At 15 years of age I undertook a metal trade apprenticeship which developed and brought out a competence and confidence in the use of my hands and tools. This apprenticeship allowed me to learn blacksmithing, welding, fitting and turning and engineering drafting. This last skill was very important as it developed in me an ability to draw with reference to proper proportions and perspective. I found that with these two skills I was at least off to a good start in all art work and particularly in drawing and painting. A sense of proportion in negative and positive shapes was a real assistance in sculpting.
I did not go to art school so I have never learnt the rules that one should not break or even the rules that one should obey. I was able to rely on competence and confidence with my hands and that sense of proportion and perspective to get involved in acts of creation.
In moving out of a trade environment into the cerebral activities of a practicing lawyer I stayed involved with the need to express myself in the visual arts and studied with Lyndon Dadswell, Arthur Murch and Tom Bass. I went back often to the sculpture park of the South Coast to experience marble and granite monoliths in the acres and felt very free to follow my need to express myself in the visual arts.

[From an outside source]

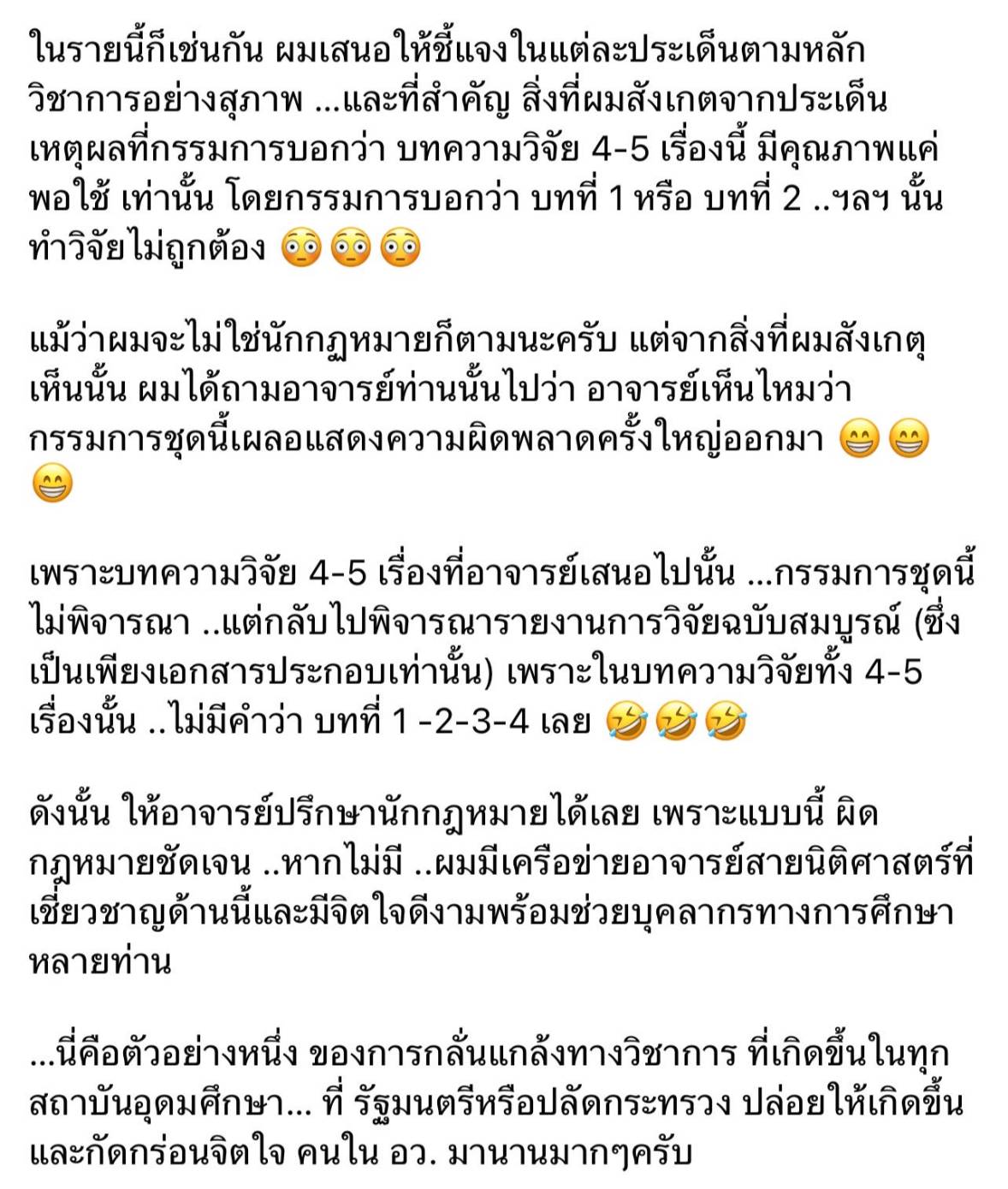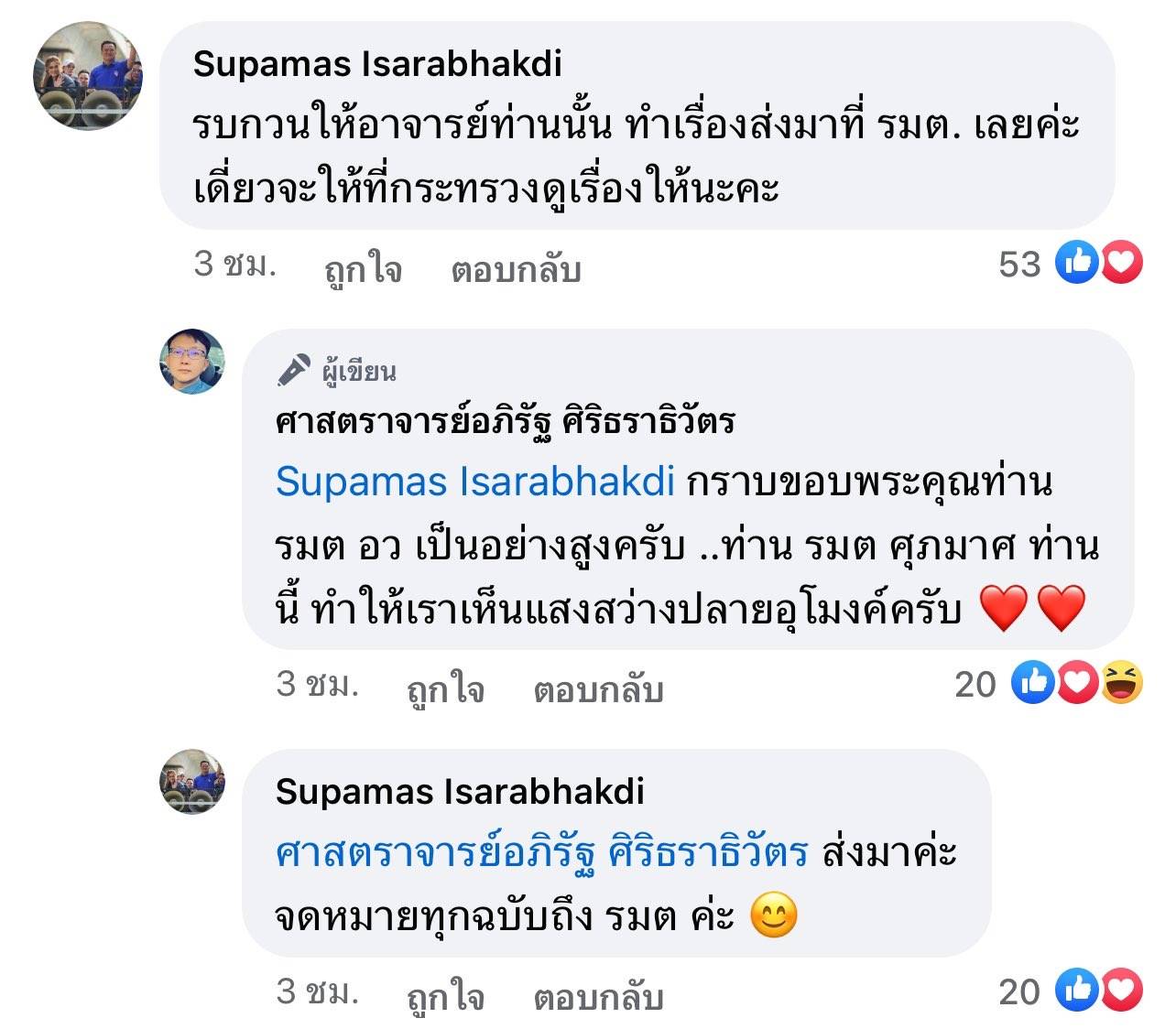 โดยหลังจากนั้นปรากฏว่า น.ส.ศุภมาส อิศรภักดี รัฐมนตรีว่าการกระทรวงการอุดมศึกษา วิทยาศาสตร์ วิจัยและนวัตกรรม (อว.) ได้ใช้เฟซบุ๊กส่วนตัว “Supamas Isarabhakdi” เข้ามาคอมเมนต์ว่า “รบกวนให้อาจารย์ท่านนั้น ทำเรื่องส่งมาที่ รมต. เลยค่ะ เดี๋ยวจะให้ที่กระทรวงดูเรื่องให้นะค่ะ” พร้อมระบุอีกว่า “จดหมายทุกฉบับส่งถึงรัฐมนตรี”

I had a years stay in Sussex, UK, and went to a water-colour course at the local technical college and enjoyed it immensely. I then worked my way into a solo exhibition with Holdsworth Gallery and then a second solo at the same gallery. When that gallery closed I had a further two exhibitions with the Private Gallery in Sydney and then a solo exhibition at the Lionel Lindsay Gallery in Toowoomba.
I was at all times also working with metal and wood in creating works and giving them away to friends and family. This is a very precious avenue of disposal as I never lose contact with these pieces.
My most recent solo exhibition was at Gallery HM and it finished on the 17th May, 2006. There I exhibited 8 pieces of sculpture. I am presently concentrating on works in wood and particularly rose wood.